С этими словами Муравейский покинул Веснина.

Работа в лаборатории уже давно кончилась, но идти домой Веснину не хотелось. Он взглянул на полку над своим столом. Сколько неудачных конструкций лежит там…

Веснин подошел к окну. Липы уже отцвели. Маки начали осыпаться…

Как неопытен он был ранней весной, когда верил, что вот-вот пошлет телеграмму на крейсер командиру БЧ-2 Рубелю: Генератор создан тчк волна десять сантиметров зпт мощность один ватт зпт колебания устойчивые тчк.

«Как бы в дальнейшем ни повел себя Муравейский, — думал Веснин, — но для меня нет пути к отступлению. Я должен пробиться сквозь толщу неудач, я обязан вести работу до тех пор, пока мне не будет приказано ее прекратить. Рубель прав. Пусть я ошибался или еще ошибусь впредь. Но ведь моя ошибка избавит других от напрасного труда. Значит, даже в случае личной неудачи все-таки труд мой будет иметь некоторую ценность».

 

Споры о поэзии

Несмотря на неоднократные предложения Михаила Григорьевича, практикантки Наташа и Валя не пожелали уйти от добродушного Кузовкова и вернуться обратно в бригаду промышленной электроники. Но в свободное время девушки продолжали принимать горячее участие в работе над магнетроном.

Эта внеплановая, внеурочная совместная работа сблизила молодых людей, и часто их беседы уходили весьма далеко от генератора сантиметровых волн и касались вопросов, не имеющих отношения не только к сантиметровым волнам, но и вообще к технике.

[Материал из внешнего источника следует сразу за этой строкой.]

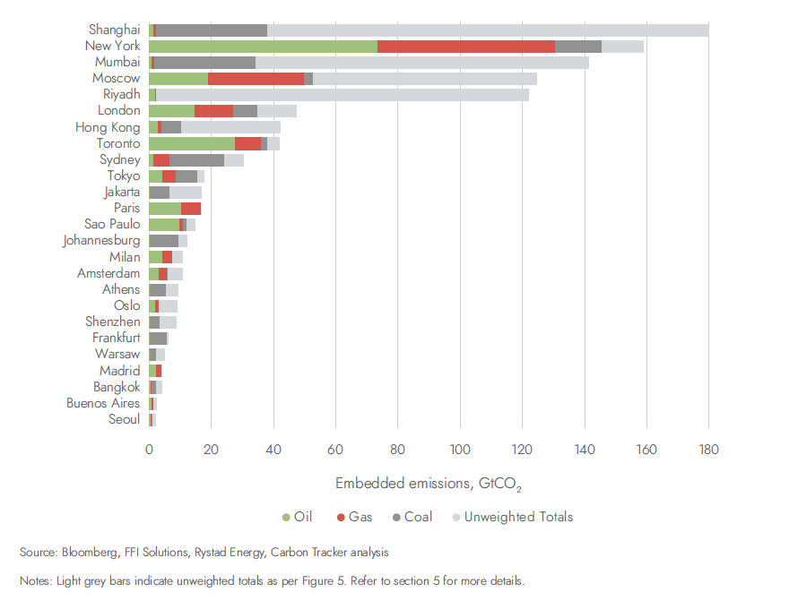 Figure 1: Emissions embedded (GtCO2) in the reserves of listed and partially-listed companies, by financial centre of primary listing, free-float weighted.

Однажды во время обеденного перерыва, когда четверо молодых людей сидели на скамейке в заводском парке, Муравейский закатил глаза и, подвывая, прочел стихи Пастернака:

Как я трогал тебя! Даже губ своих медью Трогал так, как трагедией трогают зал. Поцелуй был как лето. Он медлил и медлил. Лишь потом разражалась гроза.

Саня Соркин, монтер цеха радиоламп, обратился к Косте:

— Послушай, Мухартов, ты человек наиболее близкий из всех нас к искусству.

Костя стал пунцовым и сжал кулаки.

— Нет, я серьезно к тебе обращаюсь, — взвизгнул Саня. — Ты не один сезон околачивался за кулисами. Скажи, слыхал ли ты когда-нибудь, чтобы подобные стихи читали со сцены?

— Нет. Теперь все больше Маяковского читают.

— Для того чтобы понимать Пастернака, — сказал Муравейский, — надо кое-что иметь за душой.

— Вероятно, у меня ровно ничего за душой не числится, — живо возразила Наташа. — Я многих стихов Пастернака не понимаю. Мне непонятно, как можно в наши дни говорить:

В кашне, ладонью заслонясь, Сквозь фортку крикну детворе: Какое, милые, у нас Тысячелетье на дворе?

И в самом деле, читая Пастернака, можно ли сказать, какое тысячелетье на дворе?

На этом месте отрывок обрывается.